### [About this exercise]
The whole listing should be retyped word for word, apart from the pictures it holds.

### [Exercise data]
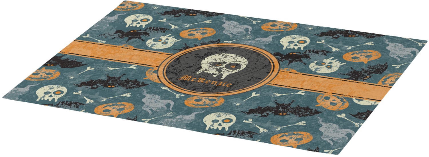 Each of our table mats are a poly twill material with woven burlap detailing. This creates a soft, quality placemat for us to fully print your personalized design across. The woven twill also adds a wrinkle-free surface to set your table! Each customizable placemat is a rectangle shape measuring at approximately 13 x 18 and printed here in the USA.
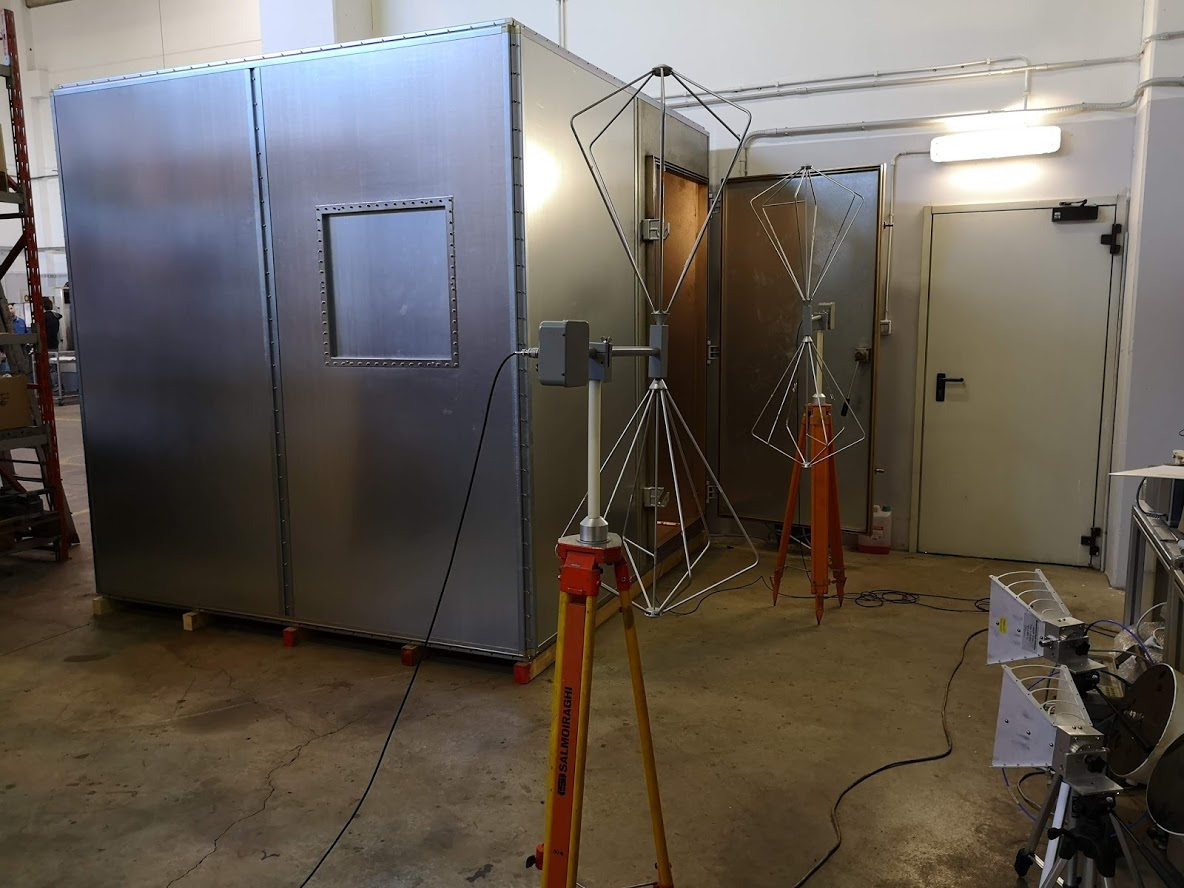 Con test che includono campo elettrico, campo magnetico, onda piano e microonda. Dai 30MHz fino ai 18 GHz
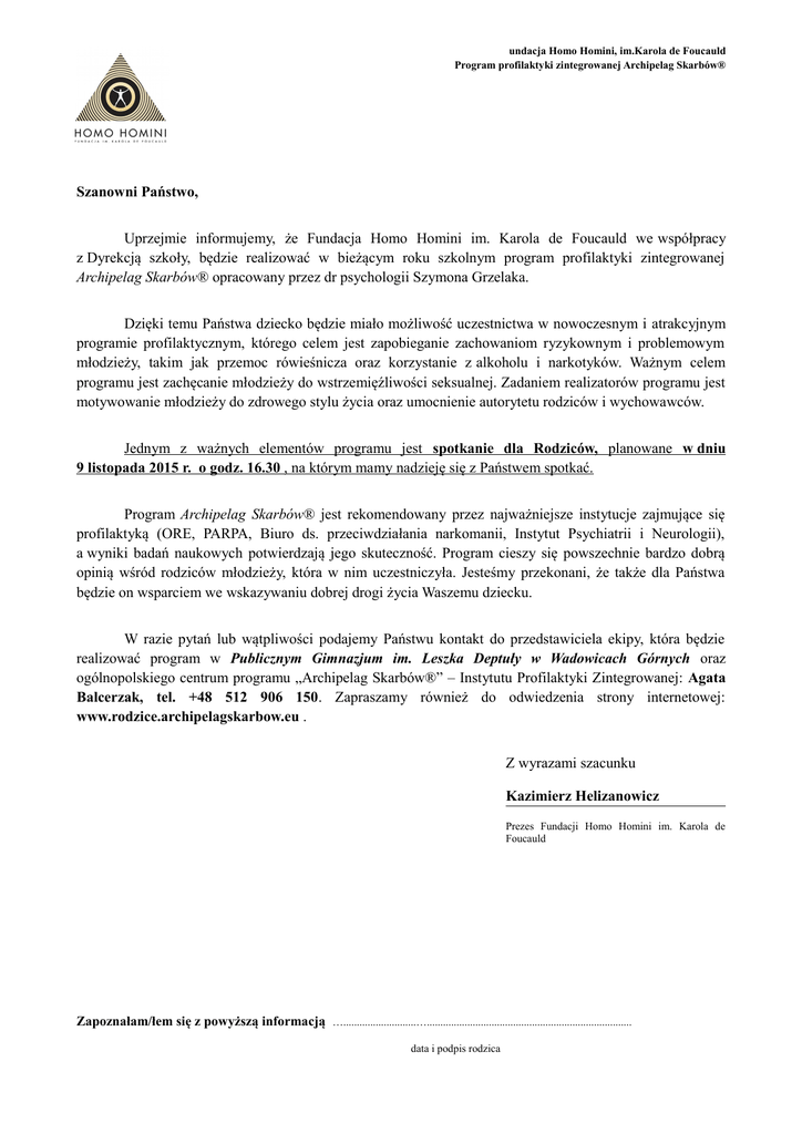 undacja Homo Homini, im.Karola de Foucauld Program profilaktyki zintegrowanej Archipelag Skarbów® Szanowni Państwo, Uprzejmie informujemy, że Fundacja Homo Homini im. Karola de Foucauld we współpracy z Dyrekcją szkoły, będzie realizować w bieżącym roku szkolnym program profilaktyki zintegrowanej Archipelag Skarbów® opracowany przez dr psychologii Szymona Grzelaka. Dzięki temu Państwa dziecko będzie miało możliwość uczestnictwa w nowoczesnym i atrakcyjnym programie profilaktycznym, którego celem jest zapobieganie zachowaniom ryzykownym i problemowym młodzieży, takim jak przemoc rówieśnicza oraz korzystanie z alkoholu i narkotyków. Ważnym celem programu jest zachęcanie młodzieży do wstrzemięźliwości seksualnej. Zadaniem realizatorów programu jest motywowanie młodzieży do zdrowego stylu życia oraz umocnienie autorytetu rodziców i wychowawców. Jednym z ważnych elementów programu jest spotkanie dla Rodziców, planowane w dniu 9 listopada 2015 r. o godz. 16.30 , na którym mamy nadzieję się z Państwem spotkać. Program Archipelag Skarbów® jest rekomendowany przez najważniejsze instytucje zajmujące się profilaktyką (ORE, PARPA, Biuro ds. przeciwdziałania narkomanii, Instytut Psychiatrii i Neurologii), a wyniki badań naukowych potwierdzają jego skuteczność. Program cieszy się powszechnie bardzo dobrą opinią wśród rodziców młodzieży, która w nim uczestniczyła. Jesteśmy przekonani, że także dla Państwa będzie on wsparciem we wskazywaniu dobrej drogi życia Waszemu dziecku. W razie pytań lub wątpliwości podajemy Państwu kontakt do przedstawiciela ekipy, która będzie realizować program w Publicznym Gimnazjum im. Leszka Deptuły w Wadowicach Górnych oraz ogólnopolskiego centrum programu „Archipelag Skarbów®” – Instytutu Profilaktyki Zintegrowanej: Agata Balcerzak, tel. +48 512 906 150. Zapraszamy również do odwiedzenia strony internetowej: www.rodzice.archipelagskarbow.eu . Z wyrazami szacunku Kazimierz Helizanowicz Prezes Fundacji Homo Homini im. Karola de Foucauld Zapoznałam/łem się z powyższą informacją …...........................…............................................................................ data i podpis rodzica
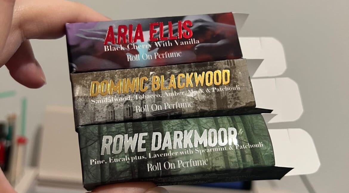 The second event exclusive is When Blood Runs Red inspired oil perfumes, which I created in collaboration with Stellaire Apothecary. They smell exactly how I imagine the characters to smell, which honestly still feels a bit surreal. I wanted these to be small but meaningful keepsakes tied to the main characters, and this felt like the perfect way to do it.

### [Your response]
 Each of our table mats are a poly twill material with woven burlap detailing. This creates a soft, quality placemat for us to fully print your personalized design across. The woven twill also adds a wrinkle-free surface to set your table! Each customizable placemat is a rectangle shape measuring at approximately 13 x 18 and printed here in the USA.
 Con test che includono campo elettrico, campo magnetico, onda piano e microonda. Dai 30MHz fino ai 18 GHz
 undacja Homo Homini, im.Karola de Foucauld Program profilaktyki zintegrowanej Archipelag Skarbów® Szanowni Państwo, Uprzejmie informujemy, że Fundacja Homo Homini im. Karola de Foucauld we współpracy z Dyrekcją szkoły, będzie realizować w bieżącym roku szkolnym program profilaktyki zintegrowanej Archipelag Skarbów® opracowany przez dr psychologii Szymona Grzelaka. Dzięki temu Państwa dziecko będzie miało możliwość uczestnictwa w nowoczesnym i atrakcyjnym programie profilaktycznym, którego celem jest zapobieganie zachowaniom ryzykownym i problemowym młodzieży, takim jak przemoc rówieśnicza oraz korzystanie z alkoholu i narkotyków. Ważnym celem programu jest zachęcanie młodzieży do wstrzemięźliwości seksualnej. Zadaniem realizatorów programu jest motywowanie młodzieży do zdrowego stylu życia oraz umocnienie autorytetu rodziców i wychowawców. Jednym z ważnych elementów programu jest spotkanie dla Rodziców, planowane w dniu 9 listopada 2015 r. o godz. 16.30 , na którym mamy nadzieję się z Państwem spotkać. Program Archipelag Skarbów® jest rekomendowany przez najważniejsze instytucje zajmujące się profilaktyką (ORE, PARPA, Biuro ds. przeciwdziałania narkomanii, Instytut Psychiatrii i Neurologii), a wyniki badań naukowych potwierdzają jego skuteczność. Program cieszy się powszechnie bardzo dobrą opinią wśród rodziców młodzieży, która w nim uczestniczyła. Jesteśmy przekonani, że także dla Państwa będzie on wsparciem we wskazywaniu dobrej drogi życia Waszemu dziecku. W razie pytań lub wątpliwości podajemy Państwu kontakt do przedstawiciela ekipy, która będzie realizować program w Publicznym Gimnazjum im. Leszka Deptuły w Wadowicach Górnych oraz ogólnopolskiego centrum programu „Archipelag Skarbów®” – Instytutu Profilaktyki Zintegrowanej: Agata Balcerzak, tel. +48 512 906 150. Zapraszamy również do odwiedzenia strony internetowej: www.rodzice.archipelagskarbow.eu . Z wyrazami szacunku Kazimierz Helizanowicz Prezes Fundacji Homo Homini im. Karola de Foucauld Zapoznałam/łem się z powyższą informacją …...........................…............................................................................ data i podpis rodzica
 The second event exclusive is When Blood Runs Red inspired oil perfumes, which I created in collaboration with Stellaire Apothecary. They smell exactly how I imagine the characters to smell, which honestly still feels a bit surreal. I wanted these to be small but meaningful keepsakes tied to the main characters, and this felt like the perfect way to do it.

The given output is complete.